[Dataset extract Boundary: Start]
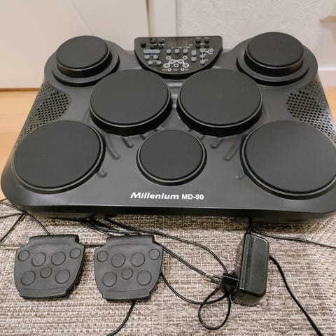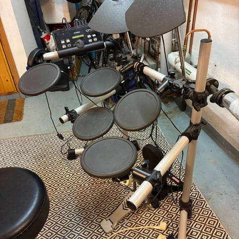 Yamaha sähkörummut. Kaikki padit toimii. Mukaan pedaaleihin kuuluvat piikkitapit (4kpl), säätöavain ja penkki
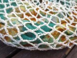 笹から作った丈夫な和紙糸で布の四隅をかぎ針で縁取り、
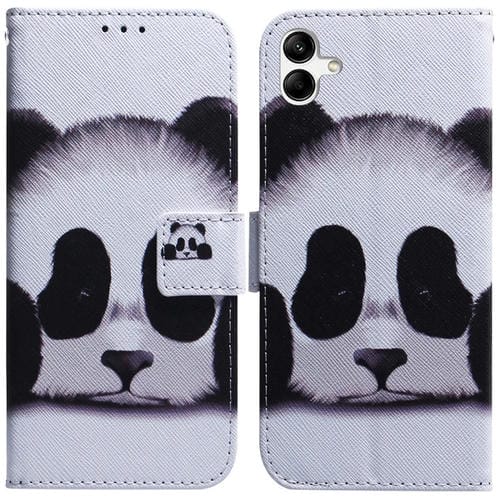 Estuche de Teléfono Samsung Galaxy A04E F04 M04 Cuero con Tapa Dibujo Coloreado (Panda)
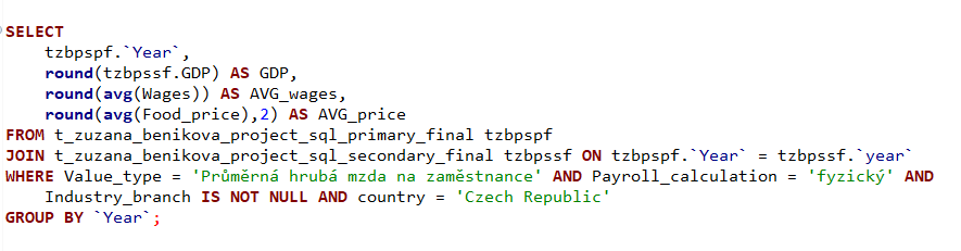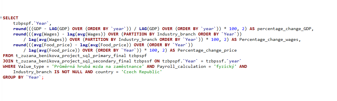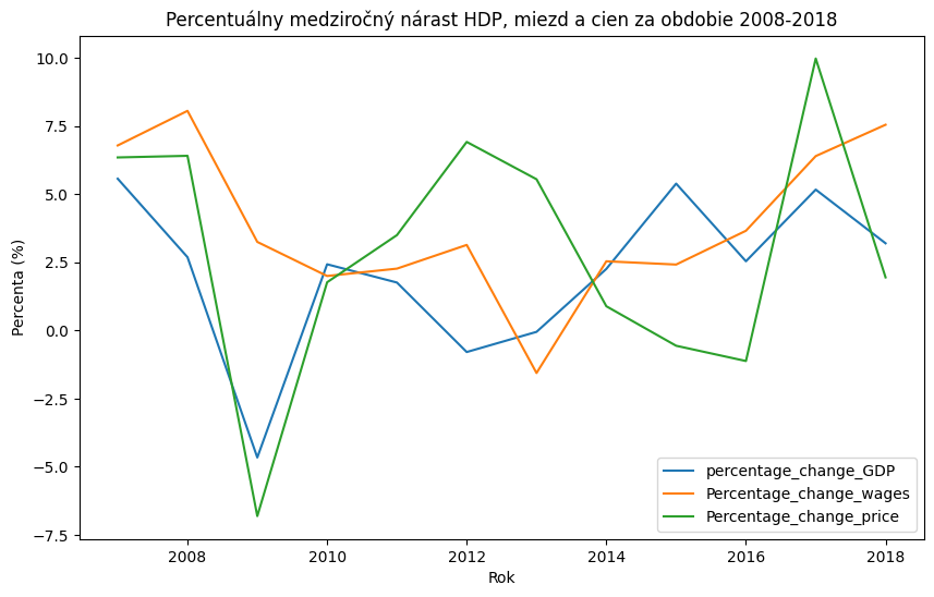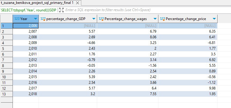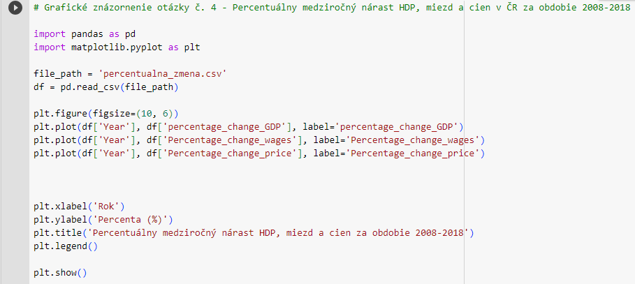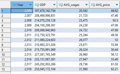 Z datasetu prostredníctvom select dotazu sme získali údaje, pre porovnanie medziročnej zmeny (nárast alebo pokles) miezd a cien potravín. V nadväznosti na ďalšie spracovanie sme do grafu pridali aj medziročný nárast HDP.
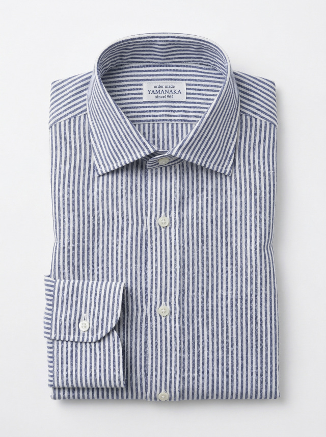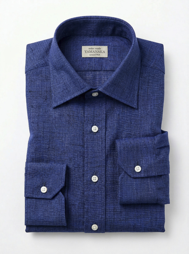 NEW出来上がり価格 23980円~ 2026年4月6日新着生地shirtsman [TEXTA テクスタ] #7800 麻リネンプリントペーズリー・ネイビー 麻リネンの生地にネイビーのペーズリープリント
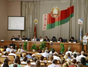 Далее участников и гостей конференции поприветствовал председатель Мстиславского районного исполкома Василий Владимирович Витюнов, который рассказал об историческом значении г. Мстиславль.
[Dataset extract Boundary: End]
#### Exercise description
Write out each record exactly as shown, but not its pictures.

#### Solution
 Yamaha sähkörummut. Kaikki padit toimii. Mukaan pedaaleihin kuuluvat piikkitapit (4kpl), säätöavain ja penkki
 笹から作った丈夫な和紙糸で布の四隅をかぎ針で縁取り、
 Estuche de Teléfono Samsung Galaxy A04E F04 M04 Cuero con Tapa Dibujo Coloreado (Panda)
 Z datasetu prostredníctvom select dotazu sme získali údaje, pre porovnanie medziročnej zmeny (nárast alebo pokles) miezd a cien potravín. V nadväznosti na ďalšie spracovanie sme do grafu pridali aj medziročný nárast HDP.
 NEW出来上がり価格 23980円~ 2026年4月6日新着生地shirtsman [TEXTA テクスタ] #7800 麻リネンプリントペーズリー・ネイビー 麻リネンの生地にネイビーのペーズリープリント
 Далее участников и гостей конференции поприветствовал председатель Мстиславского районного исполкома Василий Владимирович Витюнов, который рассказал об историческом значении г. Мстиславль.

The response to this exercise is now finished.